I have seen 1 or 2 hangs where "Database type: Aminoacid" was not the final output.

outpaddling commented 3 years ago

Just got a hang here: ... [===============================================================> ] 98.28% 35.40[===============================================================> ] 98.28% 35.41[================================================================>] 99.28% 35.77[=================================================================] 100.00% 36.03K 3s 736ms Time for merging to aln_swapped: 0h 0m 0s 23ms 103611 alignments calculated 72095 sequence pairs passed the thresholds (0.695824 of overall calculated) 2.001194 hits per query sequence Time for processing: 0h 0m 3s 787ms swapresults /home/bacon/MMseqs2-Regression-2b20d2ba3533b6fd5343b78398b4df4d1c2e8f87/Temp/DBPROFILE/targetannotation_profile /home/bacon/MMseqs2-Regression-2b20d2ba3533b6fd5343b78398b4df4d1c2e8f87/Temp/DBPROFILE/query /home/bacon/MMseqs2-Regression-2b20d2ba3533b6fd5343b78398b4df4d1c2e8f87/Temp/DBPROFILE/tmp/7458066464536510288/aln_swapped /home/bacon/MMseqs2-Regression-2b20d2ba3533b6fd5343b78398b4df4d1c2e8f87/Temp/DBPROFILE/results_aln --sub-mat nucl:nucleotide.out,aa:blosum62.out -e 10000 --split-memory-limit 0 --gap-open nucl:5,aa:11 --gap-extend nucl:2,aa:1 --threads 16 --compressed 0 --db-load-mode 0 -v 3

outpaddling commented 3 years ago

Probably not important, but I noticed a mismatch between your cmake settings

set(CMAKE_XCODE_ATTRIBUTE_CLANG_CXX_LANGUAGE_STANDARD "c++11")

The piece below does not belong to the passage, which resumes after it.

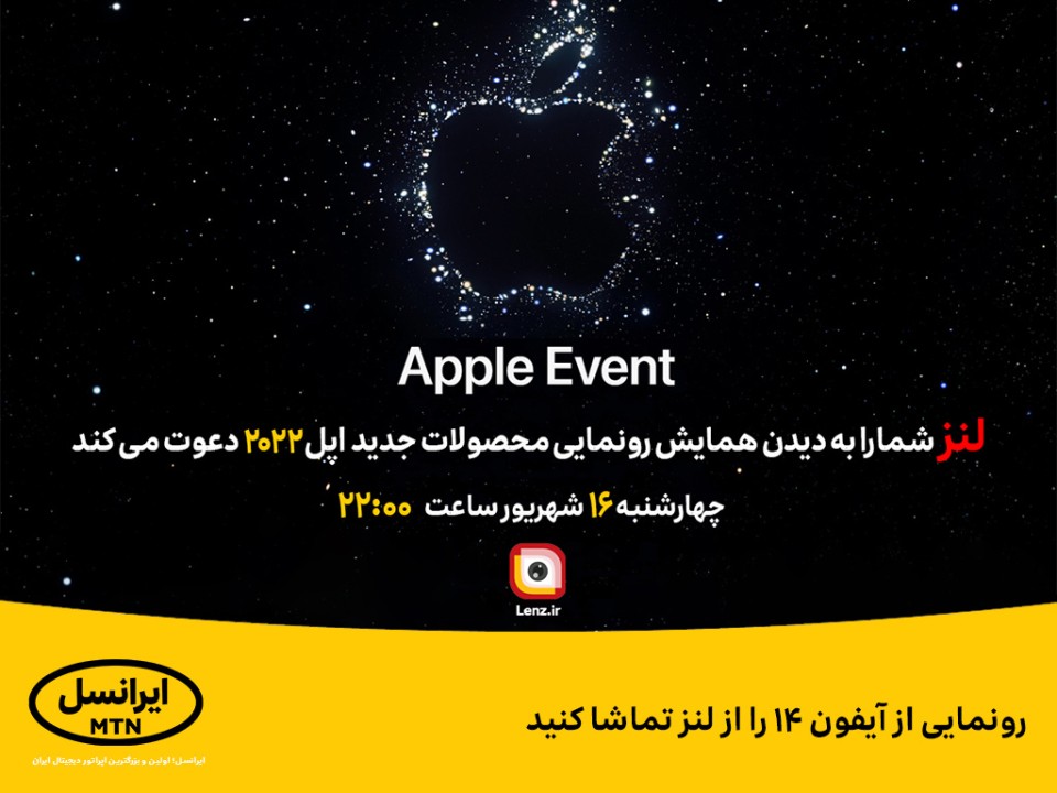 لنز ایرانسل، رویداد امشب شرکت اپل برای معرفی خانواده آیفون ۱۴ را به صورت زنده پخش می‌کند.
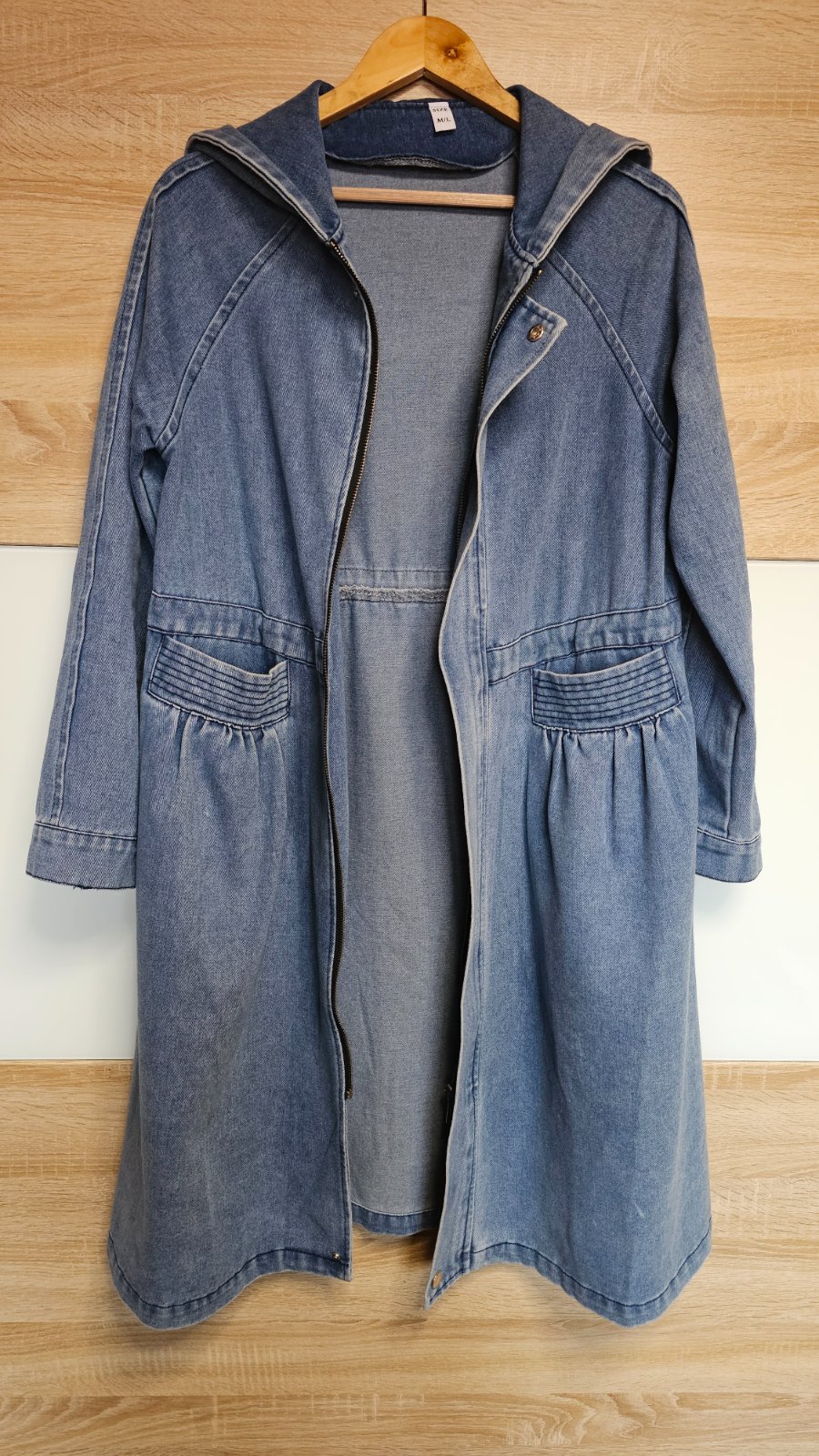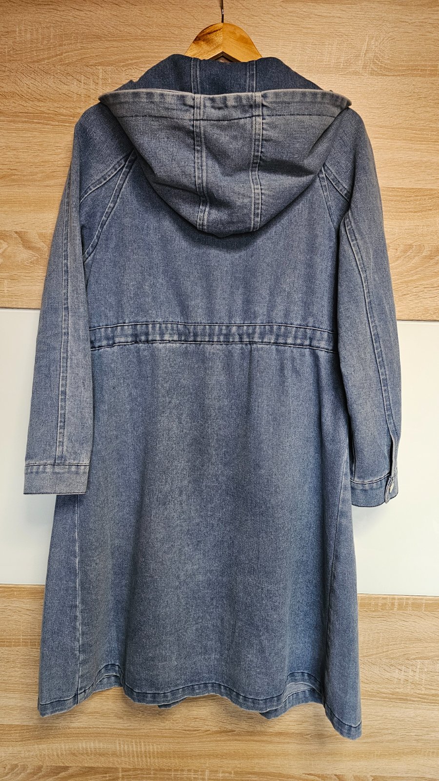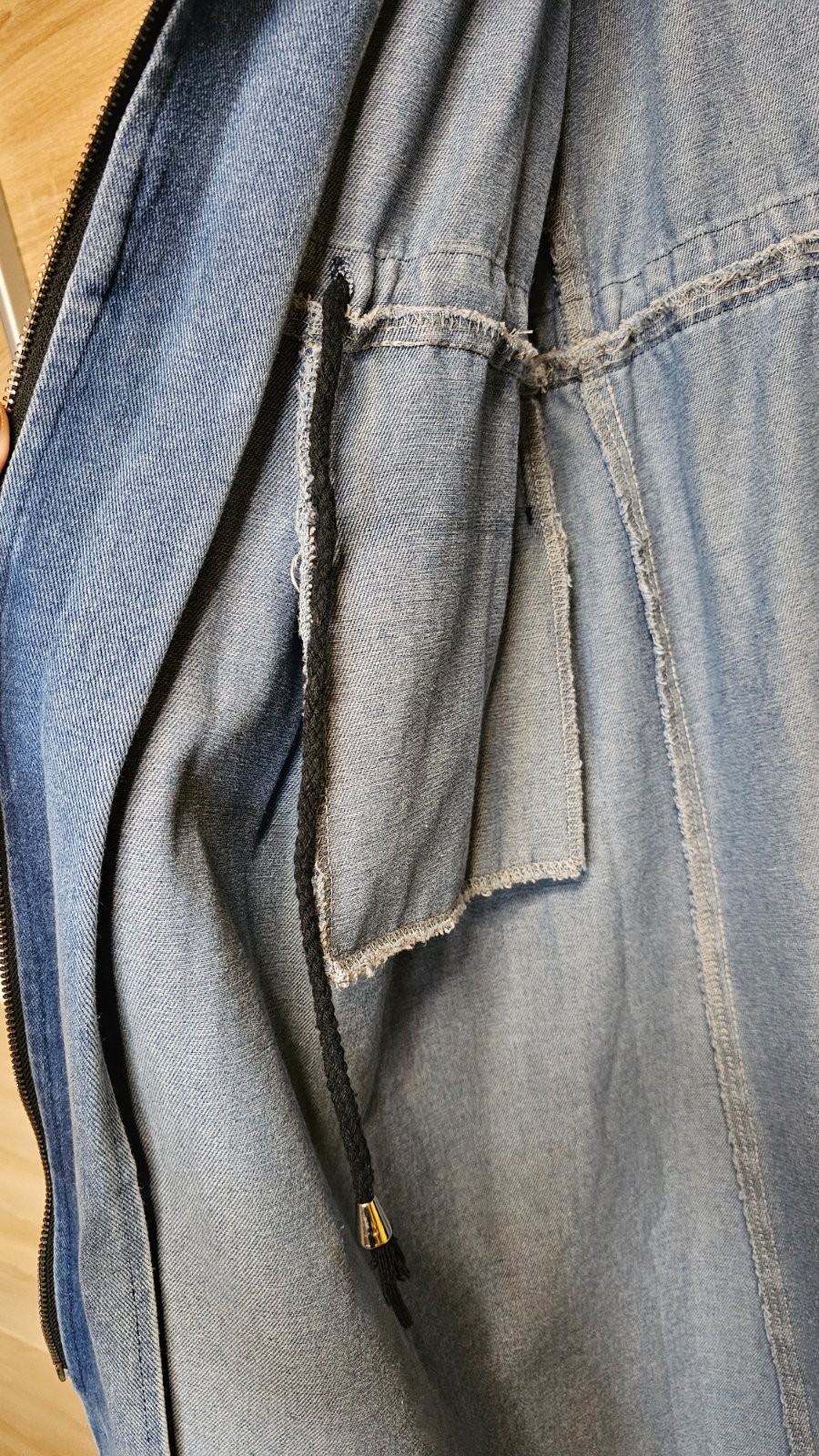 Nádherná riflová bunda s kapuckou😍 vnútri sú sťahovačky,aby sa dal krásne vytvarovať pás 😎

and the actual compiler options

-fsigned-char -D_WITH_GETLINE -std=c++1y -pedantic

outpaddling commented 3 years ago

I replaced -msse2 with -march=x86_64, so clang will bundle SSE with other common options for low-end AMD64 CPUs. Didn't change the results, though. Still hangs.

milot-mirdita commented 3 years ago

I tried to reproduce the problem in my FreeBSD 13 VM with your wip-ports repository and I can't get it to hang. I tried with both -msse2 and -march=x86_64 (and removed the USE_GCC line). Maybe the issue is that it's swapping at that moment a bit excessively and it would eventually continue? Could you attach gdb/lldb at the moment it's hanging and produce a stack trace? That's quite the odd issue that I've not encountered on any other systems :/

I think the c++ standard was somewhat of a conscious choice, as we don't really want to use modern C++, but (iirc) gcc 4.8 would complain about one of the dependencies without increasing the c++ standard slightly.

outpaddling commented 3 years ago

First, thanks for your above-and-beyond efforts to diagnose this.

What were your compile flags? How many cores and how much RAM does your VM have?

Adding output below from builds with GCC disabled and WITH_DEBUG=yes (adds -g and prevents stripping binaries).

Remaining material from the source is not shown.